Dann gibst du bei Parameter1 an 'TASKKILL /IM' und beim Parameter2 'Tc3PlcHmi.exe'.

Sollte funktionieren.

Grüße


----------



## PhuongTran1983 (21 April 2016)

Hallo Hack,

vielen Dank für Deine Antwort. Es hat bei mir funktioniert. Somit kann man die Target-HMI-Applikation beenden. Hat man alternativ noch eine Möglichkeit, die Target-Visu zu minimieren. Was muss man bei Parameter1 angeben?

Viele Grüße


----------



## Hack (22 April 2016)

Sorry, da kann ich nicht weiter helfen.


----------



## PhuongTran1983 (22 April 2016)

Hallo hack,

vielen Dank für deine Rückmeldung. das ist kein Problem.

Viele Grüße


----------



## bone666 (22 April 2016)

Hi,
bei mir funktioniert es nicht, es kommt folgende Fehlermeldung.


Eingegeben habe ich es aber eigentlich richtig.

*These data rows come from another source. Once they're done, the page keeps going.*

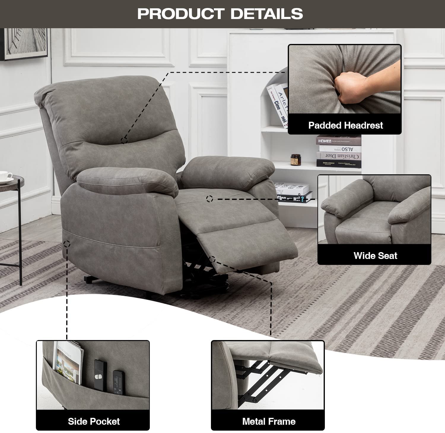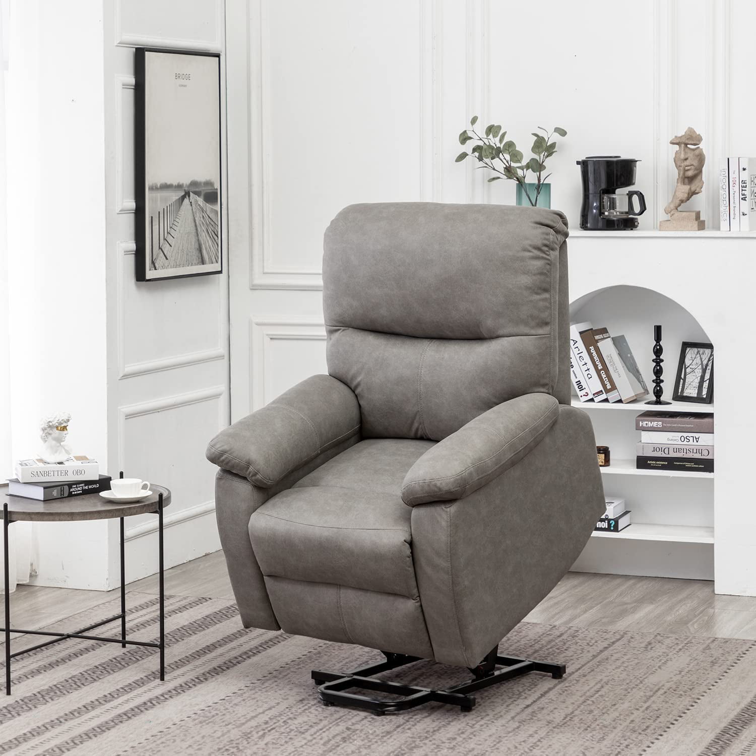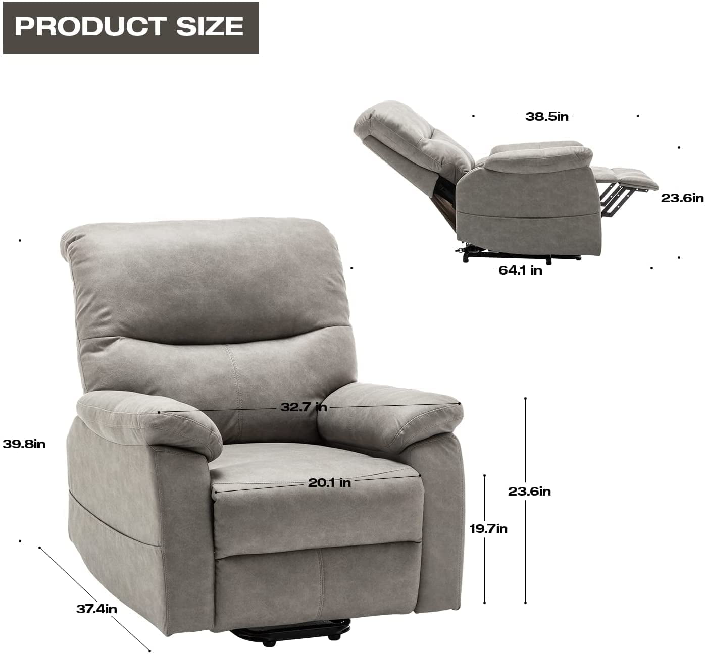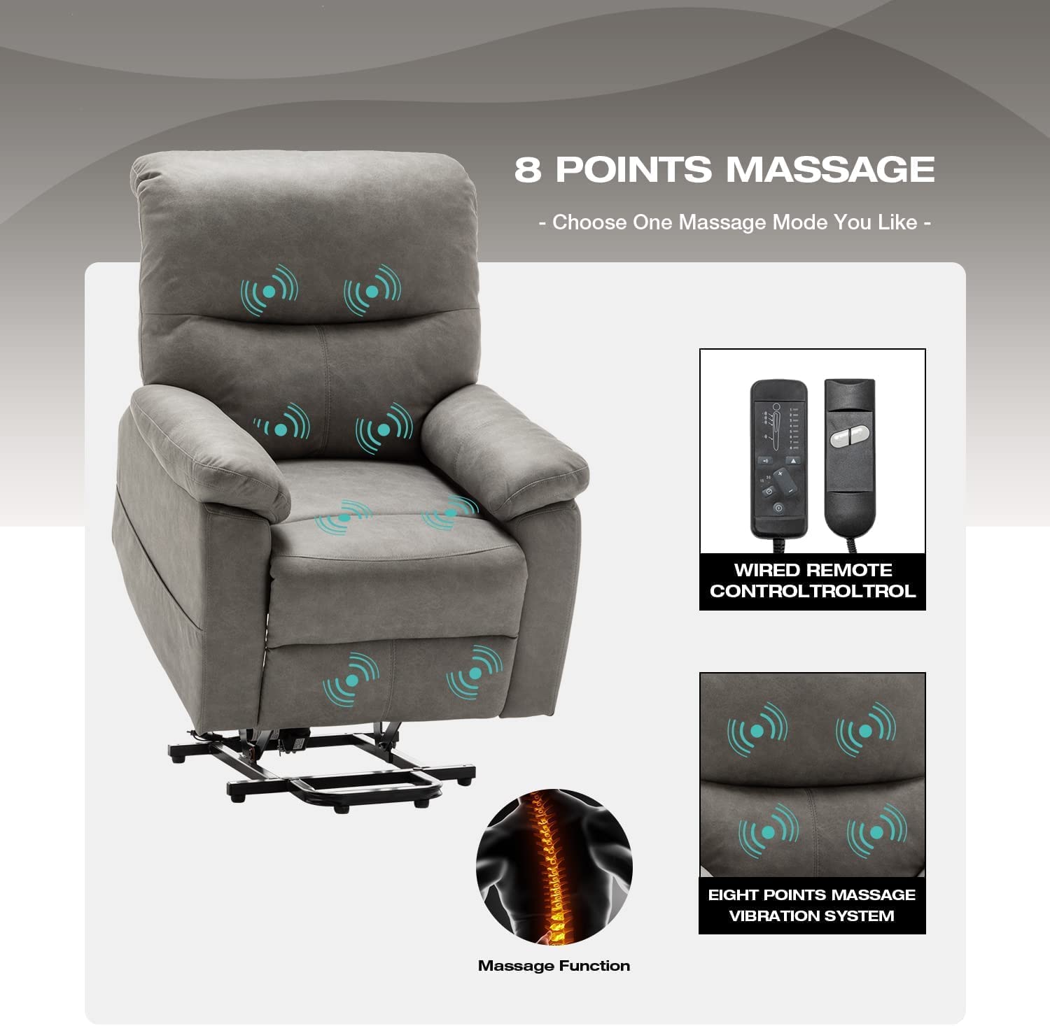 Erommy Power Lift Recliner Chair. Fabric Recliners with Vibration Massage and Heat. Electric Recliner Sofa for Elderly. Grey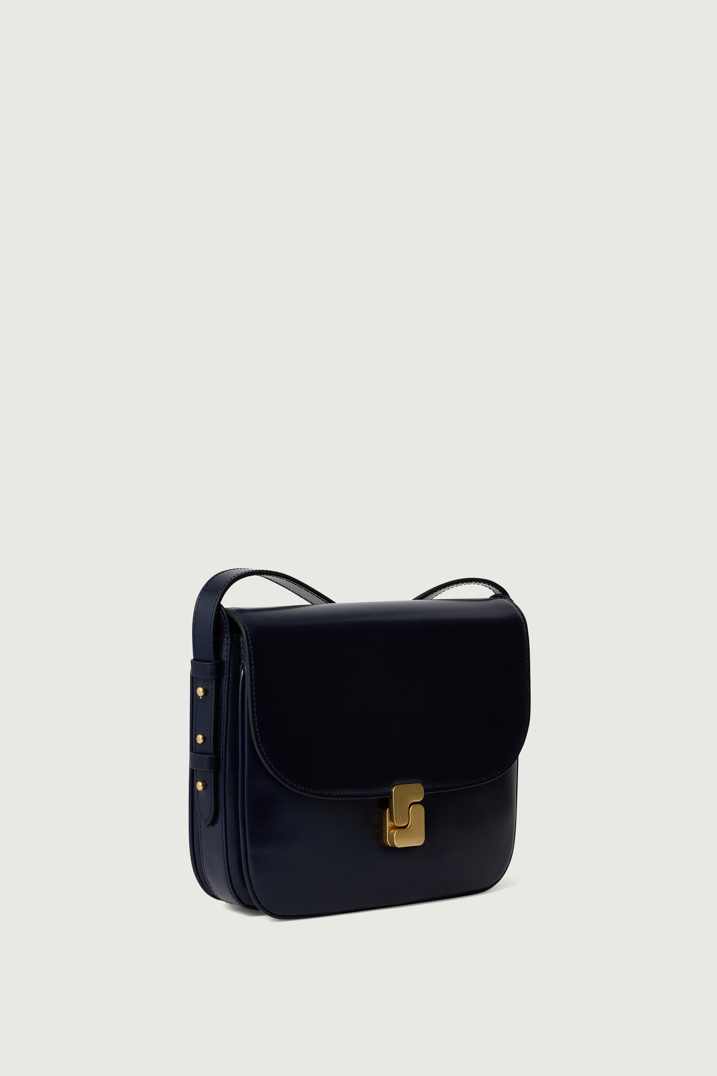 bellissima maxi bag Large blue glazed leather bag with "S" monogram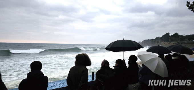 1일 강원 동해시 하평 해변에서 해맞이객들이 일출을 기다리고 있다. 하지만 이날 해상에서 낮은 구름이 유입돼 일출은 볼 수 없었다.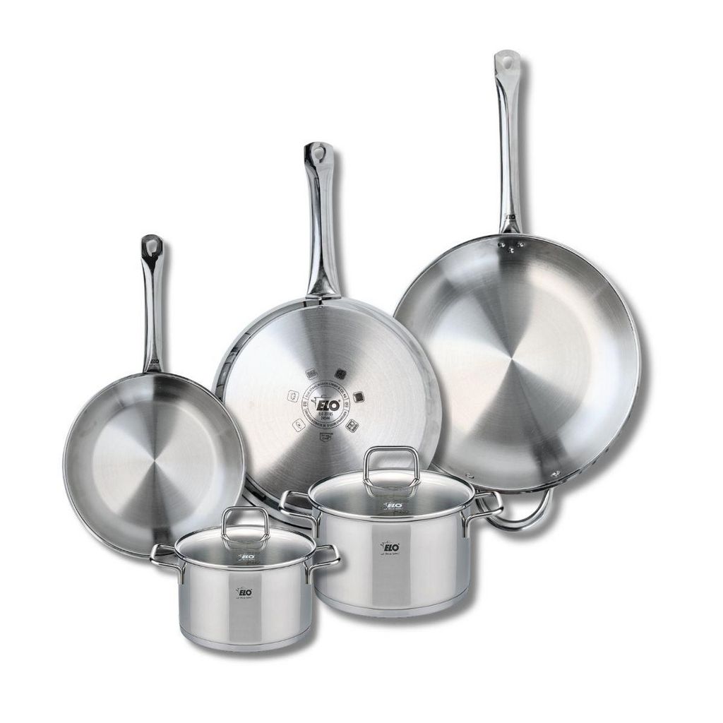 Ensemble de 3 Poêles de cuisson 24, 28 et 32 cm et 2 faitouts 16 et 20 cm Elo Profi Citrin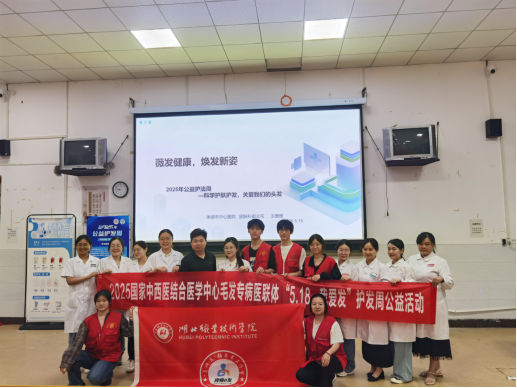 (本网讯 雷珅 张凤玲)卫生技术学院联合孝感市中心医院皮肤科,举办“5.18我爱发”主题科普活动,孝感市中心医院皮肤科副主任王珊珊专家团队,为学生带来一场生动实用的毛发健康与皮肤护理知识讲座,现场气氛热烈,互动频频,掀起科学护发热潮。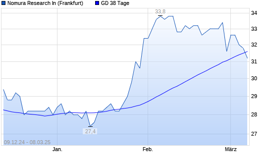 Mit dem Rücksetzer auf 31,20 EUR hat die Nomura-Aktie am 07.03.2025 die 38-Tage-Linie nach unten gekreuzt.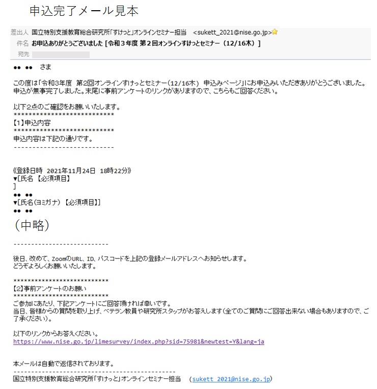 6)申込完了の自動返答メールの見本 [119K jpgファイル] ※タイトル等は第3回の内容に変更されます
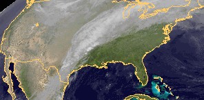 Auf dem Satellitenbild von heute Nachmittag zeigt sich ein ausgeprägtes Wolkenband vom südlichen Texas, über weite Teile des Mittleren Ostens bis hin zu den Neuenglandstaaten. In diesem Bereich kommt es vielerorts zu Regenfällen, zum Teil können dabei auch Starkregen oder gewittrige Regengüsse dabei sein. Nordwestlich und südöstlich dieses Regenbandes ist es in den USA überwiegend heiter und trocken.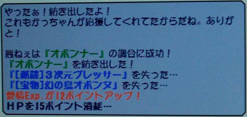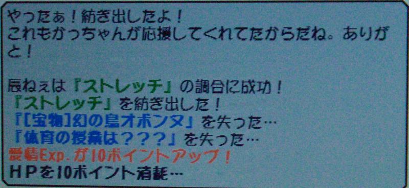 今回は「のんびりとした時間」と「泳ぎの特訓」を調合、難易度は64とちょっと難しいかな?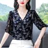 Verano Nueva Blusa de Encaje con Volantes de Chifón para Mujer 2021 Manga Corta Holgada Oversize Adelgazante Delgada Manga Media Camiseta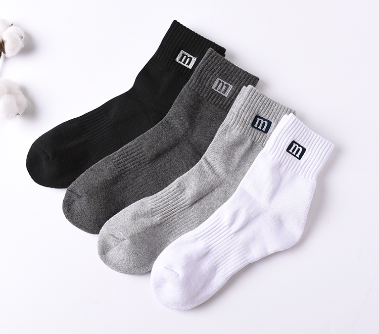 男士秋冬中筒棉袜休闲运动简约纯色棉质男袜子加厚保暖学生袜中长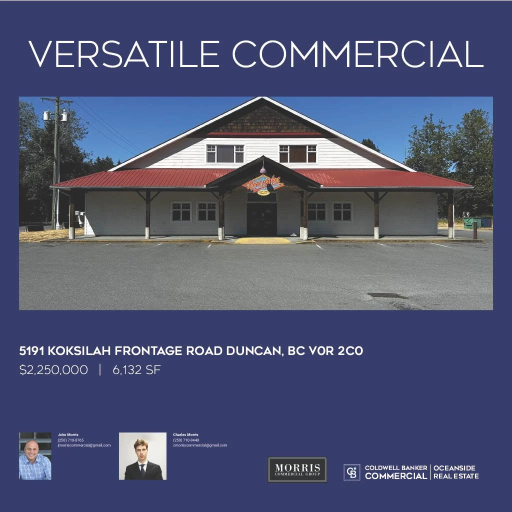 Rare opportunity to acquire a high-end commercial building with exceptional visual exposure and Trans Canada Highway access. Currently operating as a butcher/market, this versatile property is adaptable for various uses permitted under the C5 Village Commercial Zone, including Agricultural / Horticultural Supply Sales, Artist Studio, Bakery, Cafe, Catering Services, Financial Institution, Health Studio, Market, Office, Personal Service, Restaurant, Retail Sales and a Dwelling as an accessory use. Located just south of Duncan in the core commercial area of the Cowichan Valley, an area experiencing significant population growth and undergoing major infrastructure projects to support future development. Some equipment used in the market operations may be available for purchase to maintain the existing use if needed. Do not contact staff or owners directly. All sizes are approximate and should be verified by the Buyer.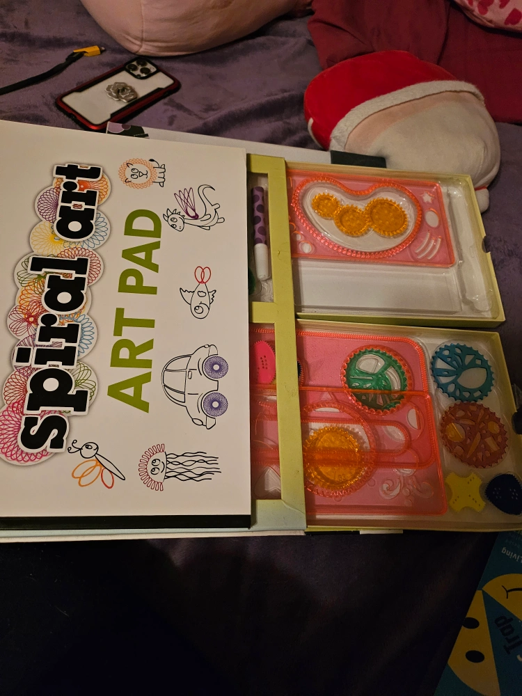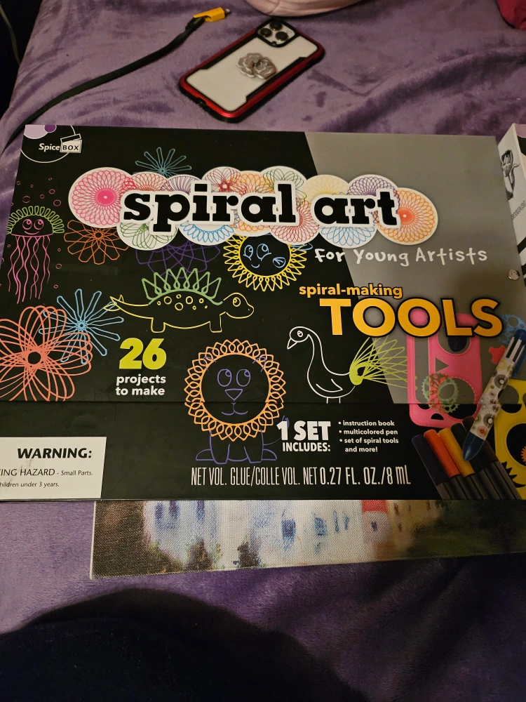 spiral art kit. Includes instruction book, spiral-making tools, and craft paper. Create cool drawings and doodles. 26 projects to make. it has never been used, but is missing the markers, and the pen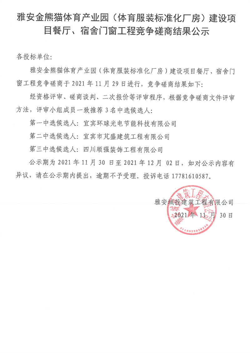 雅安金熊貓體育產業(yè)園(體育服裝標準化廠房)建設項目餐廳、宿舍門窗工程競爭磋商結果公示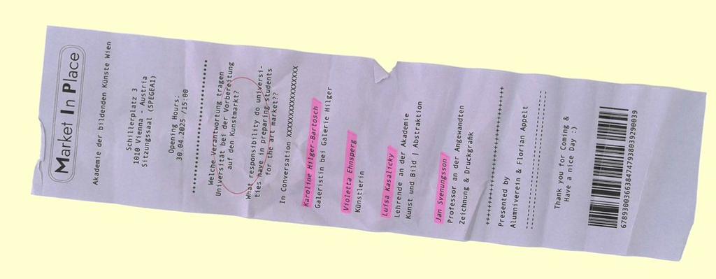 Market in Place ist eine Veranstaltungsreihe des Alumnivereins, bei der aktuelle Entwicklungen am Kunstmarkt im Fokus stehen und gemeinsam mit Expert_innen aus diesem Feld diskutiert werden.

Hast du vielleicht eine Idee wo der Fehler liegt Hack?


----------



## PhuongTran1983 (22 April 2016)

Hallo bone666,

unter Parameter musst Du in '' schreiben,  quasi 'TASKKILL /IM' und 'Tc3PlcHmi.exe'. Dann sollte es funktioniert sein.

Grüße


----------



## bone666 (22 April 2016)

also mit den '...' ? macht Sinn, sonst wäre es ja auch kein string  danke


----------



## PhuongTran1983 (25 April 2016)

Hallo,
Ich habe ein Problem und könntet ihr mir vielleicht weiterhelfen.
Ich möchte ein Dialog unter einer bestimmen Bedingung abschließen bzw. öffnen. Die Bedingung kann beispielweise durch Abfrage einer booleschen Variable erfüllt sein.

Viele Grüße


----------



## bhmth (30 November 2016)

ich grabe diesen Thread mal wieder aus

Bei mir kommt die Fehlermeldng das eine Datei spezifiziert werden muss (WEC7).

hatte das schonmal jemand ?


----------



## PhuongTran1983 (30 November 2016)

Hallo bhmth,

ich hatte eine SPS mit WES 7, daher gab es kein Problem. Vielleicht ist der Befehl nicht für WEC 7 gültig.


----------